Robert Smail Whitelaw Wilson (29 June 1934 – 24 October 2025) was a Scottish professional footballer. Primarily a wing-half, he began his professional career with Aberdeen, before going on to play for a number of English clubs. He was captain of the original incarnation of Accrington Stanley when the club resigned from The Football League in 1962.

==Career==
Born in Musselburgh, Wilson began his career with local Junior club Musselburgh Athletic before joining Aberdeen in November 1954. He gained a place in the club's first team during the 1955–56 season and played in the team which beat St Mirren to win the Scottish League Cup that season.
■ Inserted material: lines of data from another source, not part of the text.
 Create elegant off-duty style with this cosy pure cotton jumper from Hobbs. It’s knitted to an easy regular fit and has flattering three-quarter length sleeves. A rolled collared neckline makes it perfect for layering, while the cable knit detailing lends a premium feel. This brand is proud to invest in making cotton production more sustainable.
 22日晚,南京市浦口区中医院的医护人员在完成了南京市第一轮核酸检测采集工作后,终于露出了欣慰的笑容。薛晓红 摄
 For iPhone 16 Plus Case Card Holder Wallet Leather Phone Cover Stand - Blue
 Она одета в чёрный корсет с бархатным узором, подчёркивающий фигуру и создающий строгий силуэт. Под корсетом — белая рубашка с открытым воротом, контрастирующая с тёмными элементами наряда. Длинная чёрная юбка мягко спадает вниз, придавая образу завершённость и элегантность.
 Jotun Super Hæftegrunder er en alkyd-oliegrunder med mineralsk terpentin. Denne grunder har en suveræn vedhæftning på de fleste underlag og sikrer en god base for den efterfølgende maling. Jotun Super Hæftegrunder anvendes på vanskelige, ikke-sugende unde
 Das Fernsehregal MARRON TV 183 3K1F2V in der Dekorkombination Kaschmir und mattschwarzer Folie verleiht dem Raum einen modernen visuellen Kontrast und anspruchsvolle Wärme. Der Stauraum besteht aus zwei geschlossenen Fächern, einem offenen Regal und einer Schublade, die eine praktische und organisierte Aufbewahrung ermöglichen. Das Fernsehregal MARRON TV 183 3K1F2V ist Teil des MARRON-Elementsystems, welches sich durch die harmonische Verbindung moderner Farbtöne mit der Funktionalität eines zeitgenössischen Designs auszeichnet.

In May 1957 Wilson left Scotland and joined Norwich City of the Football League Third Division South. He was a regular in his first season but soon lost his starting place and in 1960 he took the decision to leave Carrow Road and join Gillingham of the Fourth Division. He made 35 Football League appearances for the club, but chose to move on at the end of the 1960–61 season. A number of Scottish clubs were interested in signing him, but he chose to remain in England and join Accrington Stanley, also of the Fourth Division. He became club captain, but in March 1962 Stanley resigned from the Football League due to financial problems, making Wilson the last man ever to captain the club in a professional match. Wilson joined another Fourth Division club, Chester, where he played 15 times. He then left the professional game and dropped into non-league football with Shropshire-based GKN Sankey.

==Death==
Wilson died on 24 October 2025, at the age of 91.